Work order »
Would you output all the lines below precisely as they stand, leaving each picture out?

Data in this exercise Block Start

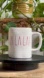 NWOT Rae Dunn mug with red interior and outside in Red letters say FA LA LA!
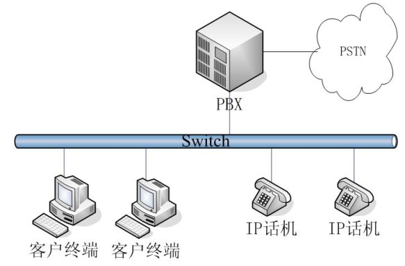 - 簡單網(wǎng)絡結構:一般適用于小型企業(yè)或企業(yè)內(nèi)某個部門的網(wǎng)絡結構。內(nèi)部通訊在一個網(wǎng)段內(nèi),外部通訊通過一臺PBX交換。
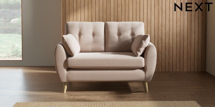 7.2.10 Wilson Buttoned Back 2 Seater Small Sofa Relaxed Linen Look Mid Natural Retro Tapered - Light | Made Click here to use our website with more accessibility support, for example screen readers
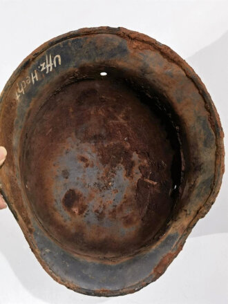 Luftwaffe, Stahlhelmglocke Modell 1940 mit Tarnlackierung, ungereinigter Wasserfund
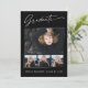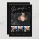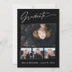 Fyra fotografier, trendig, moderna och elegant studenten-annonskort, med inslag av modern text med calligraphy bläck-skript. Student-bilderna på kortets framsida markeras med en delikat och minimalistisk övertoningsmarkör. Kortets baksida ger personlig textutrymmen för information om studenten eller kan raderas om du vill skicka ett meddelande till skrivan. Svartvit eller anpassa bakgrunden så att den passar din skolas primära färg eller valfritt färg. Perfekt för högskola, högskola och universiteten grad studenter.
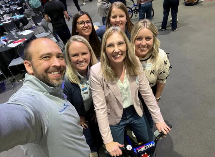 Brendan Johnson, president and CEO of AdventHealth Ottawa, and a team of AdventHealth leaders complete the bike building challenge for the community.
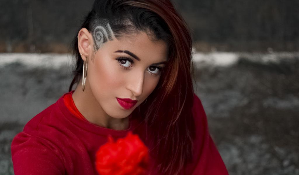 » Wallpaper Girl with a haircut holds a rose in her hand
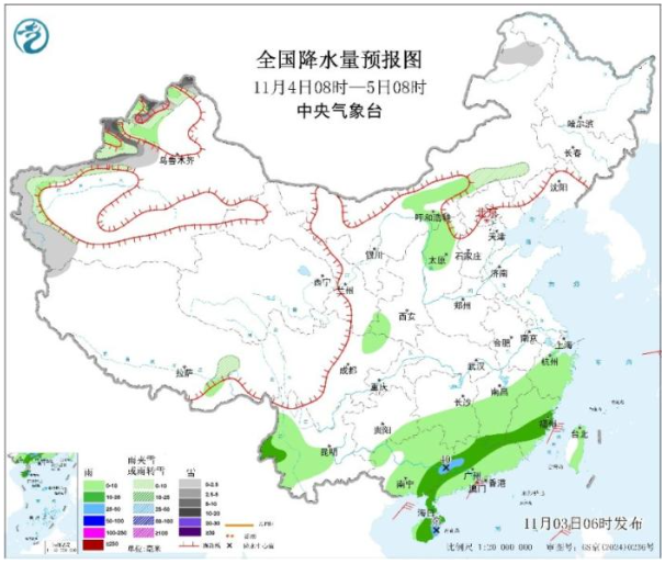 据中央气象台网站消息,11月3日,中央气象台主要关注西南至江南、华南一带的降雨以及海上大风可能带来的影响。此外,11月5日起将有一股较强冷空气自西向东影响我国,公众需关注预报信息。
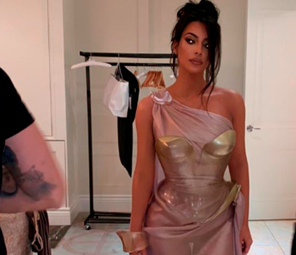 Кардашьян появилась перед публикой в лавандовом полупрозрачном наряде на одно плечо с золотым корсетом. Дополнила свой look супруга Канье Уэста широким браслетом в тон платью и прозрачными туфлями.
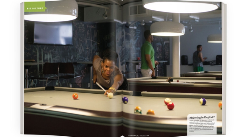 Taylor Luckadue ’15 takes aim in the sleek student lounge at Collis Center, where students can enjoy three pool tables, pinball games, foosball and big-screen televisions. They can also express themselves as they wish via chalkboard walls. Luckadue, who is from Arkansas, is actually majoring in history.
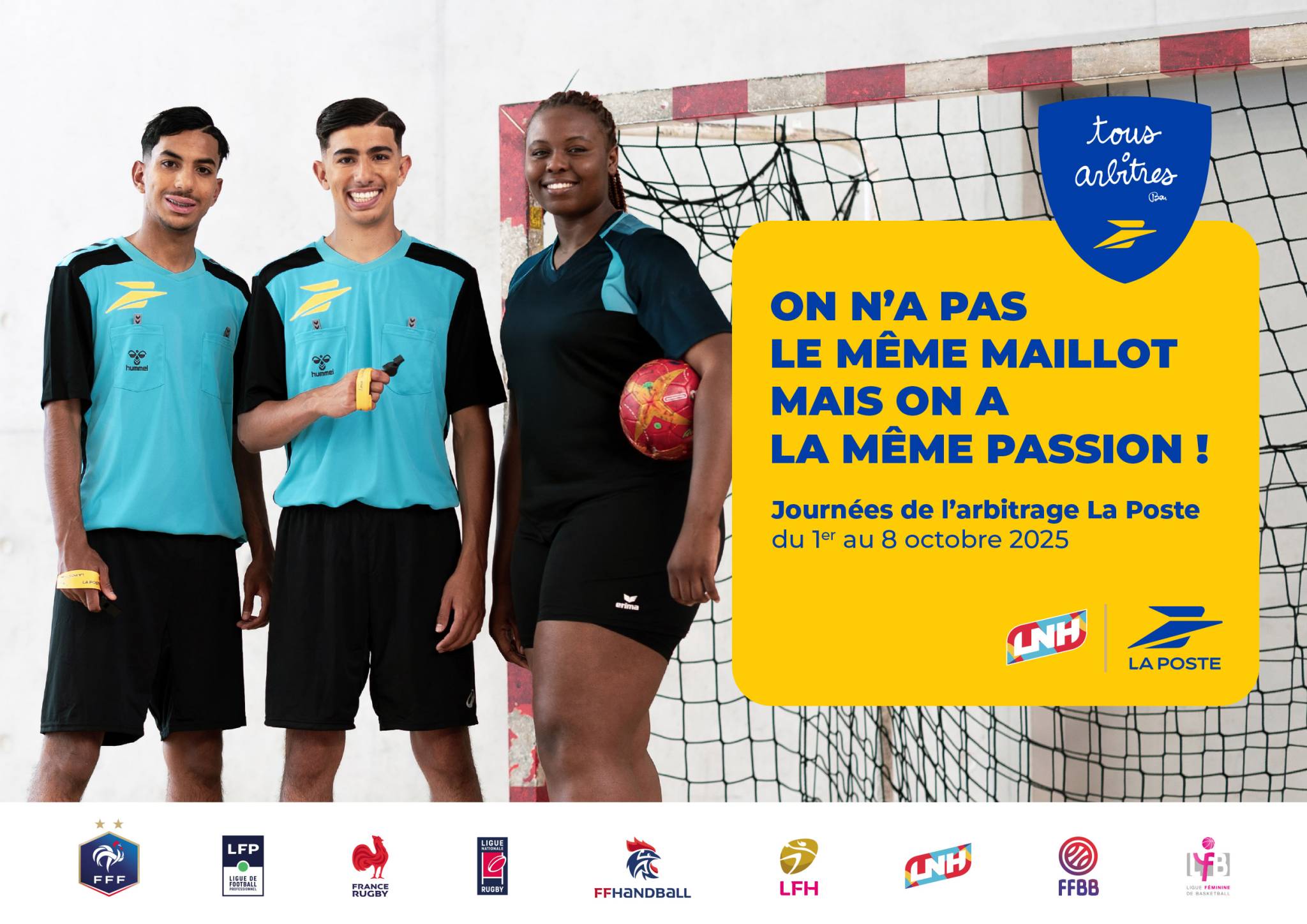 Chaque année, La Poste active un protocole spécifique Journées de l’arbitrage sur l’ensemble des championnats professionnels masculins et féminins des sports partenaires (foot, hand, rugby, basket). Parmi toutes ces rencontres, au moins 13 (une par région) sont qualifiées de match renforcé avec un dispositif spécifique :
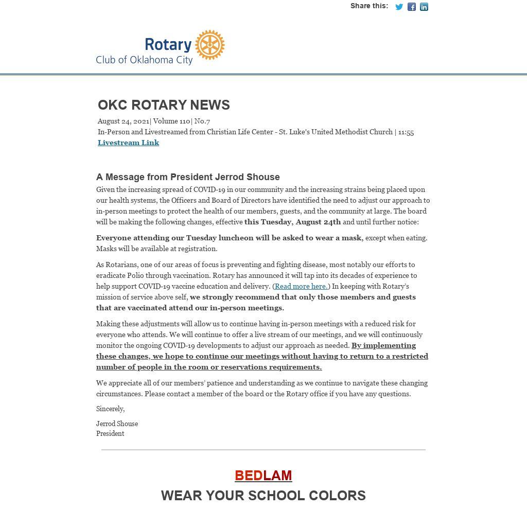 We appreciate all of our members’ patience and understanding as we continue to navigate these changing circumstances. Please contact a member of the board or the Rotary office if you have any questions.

Data in this exercise Block End

Task answer »
 NWOT Rae Dunn mug with red interior and outside in Red letters say FA LA LA!
 - 簡單網(wǎng)絡結構:一般適用于小型企業(yè)或企業(yè)內(nèi)某個部門的網(wǎng)絡結構。內(nèi)部通訊在一個網(wǎng)段內(nèi),外部通訊通過一臺PBX交換。
 7.2.10 Wilson Buttoned Back 2 Seater Small Sofa Relaxed Linen Look Mid Natural Retro Tapered - Light | Made Click here to use our website with more accessibility support, for example screen readers
 Luftwaffe, Stahlhelmglocke Modell 1940 mit Tarnlackierung, ungereinigter Wasserfund
 Fyra fotografier, trendig, moderna och elegant studenten-annonskort, med inslag av modern text med calligraphy bläck-skript. Student-bilderna på kortets framsida markeras med en delikat och minimalistisk övertoningsmarkör. Kortets baksida ger personlig textutrymmen för information om studenten eller kan raderas om du vill skicka ett meddelande till skrivan. Svartvit eller anpassa bakgrunden så att den passar din skolas primära färg eller valfritt färg. Perfekt för högskola, högskola och universiteten grad studenter.
 Brendan Johnson, president and CEO of AdventHealth Ottawa, and a team of AdventHealth leaders complete the bike building challenge for the community.
 » Wallpaper Girl with a haircut holds a rose in her hand
 据中央气象台网站消息,11月3日,中央气象台主要关注西南至江南、华南一带的降雨以及海上大风可能带来的影响。此外,11月5日起将有一股较强冷空气自西向东影响我国,公众需关注预报信息。
 Кардашьян появилась перед публикой в лавандовом полупрозрачном наряде на одно плечо с золотым корсетом. Дополнила свой look супруга Канье Уэста широким браслетом в тон платью и прозрачными туфлями.
 Taylor Luckadue ’15 takes aim in the sleek student lounge at Collis Center, where students can enjoy three pool tables, pinball games, foosball and big-screen televisions. They can also express themselves as they wish via chalkboard walls. Luckadue, who is from Arkansas, is actually majoring in history.
 Chaque année, La Poste active un protocole spécifique Journées de l’arbitrage sur l’ensemble des championnats professionnels masculins et féminins des sports partenaires (foot, hand, rugby, basket). Parmi toutes ces rencontres, au moins 13 (une par région) sont qualifiées de match renforcé avec un dispositif spécifique :
 We appreciate all of our members’ patience and understanding as we continue to navigate these changing circumstances. Please contact a member of the board or the Rotary office if you have any questions.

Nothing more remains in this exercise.